The Ford Motor Company outlined its path to the successful integration of electric vehicles into the overall fleet. Some of the points we wholeheartedly agree with and some are simply not necessary.
Good points:
- Have a common battery pack that can be used by all OEM's, which brings production numbers much higher and lowers cost dramatically.
- Use of policies and government grants / incentives for purchasing EV's.
- Adoption into the various fleets used by government and private sector
Not so good points:
- Charging Infrastucture, which is already there and can be built up later.
- Vehicle to home and vehicle to grid technologies, which is just a farce as this also represents unnecessary expenditures and are not a precursor to getting the cars on the road.
From Green Car Congress:
Noting that “once you plug the vehicle into the wall, success becomes a team sport”, Mike Tinskey, manager of Ford’s sustainability activities focused on electric vehicles and infrastructure, outlined what Ford sees as enablers for electrification (“controllable success factors”), during a presentation at the Plug-in 2009 conference in Long Beach this past week.

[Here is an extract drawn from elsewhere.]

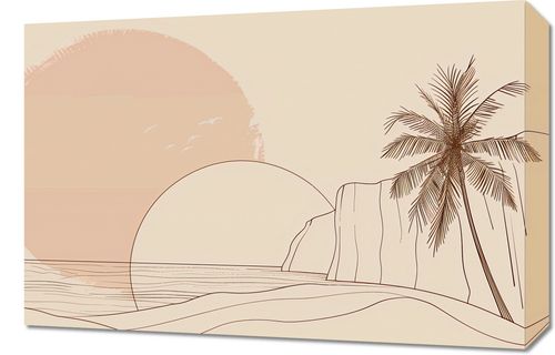 Obraz z serii minimalistyczne zatytułowany Szept Tropików. Plakat przedstawia delikatnie zarysowany krajobraz tropikalny o wschodzie lub zachodzie słońca. W centralnej części kompozycji widnieje wielki, ciepły dysk słońca, którego połowa chowa się za horyzontem. U jego podstawy majaczą delikatne linie morza, a na pierwszym planie z prawej strony wznosi się smukła palma o finezyjnie narysowanych liściach. Z lewej strony rysunek przedstawia wysokie klify, które wyłaniają się z morza, a na tle słońca można dostrzec lekkie sylwetki ptaków. Ten plakat to kwintesencja spokoju i harmonii, świetnie sprawdzi się w pomieszczeniach, które mają być oazą relaksu, takich jak salon, sypialnia czy pokój do medytacji. Jego ciepłe, pastelowe barwy i proste linie mogą również dodać elegancji i spokoju do przestrzeni biurowych, wspomagając skupienie i kreatywne myślenie.

Prior to his current position, Tinskey led Ford’s product planning and product management activities for hybrids and for developing and implementing the electric vehicle strategy announced last January (earlier post). During his talk, he suggested that migrating to some battery commonality would be a huge win for the industry simply because it would support a more rapid achievement of the higher production volumes required to bring prices down.
We as OEMs are currently on a path to design, sell and service all unique battery packs. It’s easy to identify the problem. As you have unique packs and cells, it creates a challenge and an obstacle to having secondary ownership, to having some unique receipt models, service costs, and the list goes on and on.
The biggest issue with batteries now is not necessarily the technology, it’s the volume. If the battery manufacturers could get north of 100,000 packs, annually, prices come down drastically. One path forward is that we all collectively focus our initial volumes on common packs. That’s easier said than done. I don’t want to paint a picture that this is something we can get solved tomorrow. But we definitely have this in mind as a long-term goal. Right now we’re just making sure we get the product right, it’s a quality product, and it works.
But if we could get movement to migrating to some commonality, overall that would be a huge win for the industry.
—Mike Tinskey
Ford’s product approach to electrification. Currently, Ford has four full hybrids on the market. For the mid-term (2011-2020), Ford will increase its use of hybrid technology, and introduce plug-in hybrid electric (PHEV) and battery electric vehicles (BEV) on the market. For the long-term (2020-2030), Tinskey said, Ford will focus on volume expansion of hybrid technologies, continue to leverage PHEVs and BEVs, and introduced fuel cell vehicles. There is also an accompanying long-term focus on clean electricity and hydrogen for fueling.
We look at powertrains as powerpacks, and we view emerging technologies as powerpacks also. We've taken the approach that the vehicle can be a global platform&madsh;and you can really enjoy some economies of scale from that—and then you can take these powerpacks and react to local market conditions, and put those powerpacks in as appropriate as the markets develop.
Where the markets develop, we can react very quickly and introduced a BEV, or plug-in, or diesel, or EcoBoost fairly rapidly.
—Mike Tinskey
Ford chose to develop many of its electrified products on its global C platform—a high-volume platform that sells millions every year.
Specifically on the BEV side, Ford has announced two vehicles: the electric Transit Connect light commercial van in 2010, and the battery electric Focus in 2011 (using new styling and with a new model). Both of these are C-platform applications. Ford will introduce a plug-in hybrid version with its next generation hybrid vehicles in 2012.
Citing the wide variance in industry projections—ranging from the extremely conservative to the wildly optimistic—Tinskey noted that the large degree of uncertainty contributed to Ford’s adoption of its current electrification strategy which is designed to optimize flexibility and response time.
Market enablers for electrification. In addition to battery commonality, Ford sees other success factors contributing to successful electrification as:
- The charging infrastructure. Ford sees home charging as the segment where the most frequent charging will occur, followed by fleet depot charging, charge at work, and then public charging, in that order. For the next four years or so, he sees no major charging infrastructure. Standards are critical for success here. Tinskey also noted that fast charging present challenges on vehicles, due to the sizing of onboard electronics.
- Supporting policies.
- Utilities, vehicle-to-home (V2H), and vehicle-to-grid (V2G). Ford is a little bearish on the concept of V2G at this point, he said. “Let’s figure out V2H—then we can figure everything else out.” Key for success here is working with utilities and emerging standards for messaging and communications between the vehicle and the grid and utility.
- Utility partnership and renewable power generation.
- Alternative business models (e.g., Better Place) and alliances.
- Government incentives and grants.
- Secondary uses for the battery pack (this is linked to the commonality issue, as repackaging common formats would reduce cost and make sales less convoluted.
- Demonstrations and early fleet sales.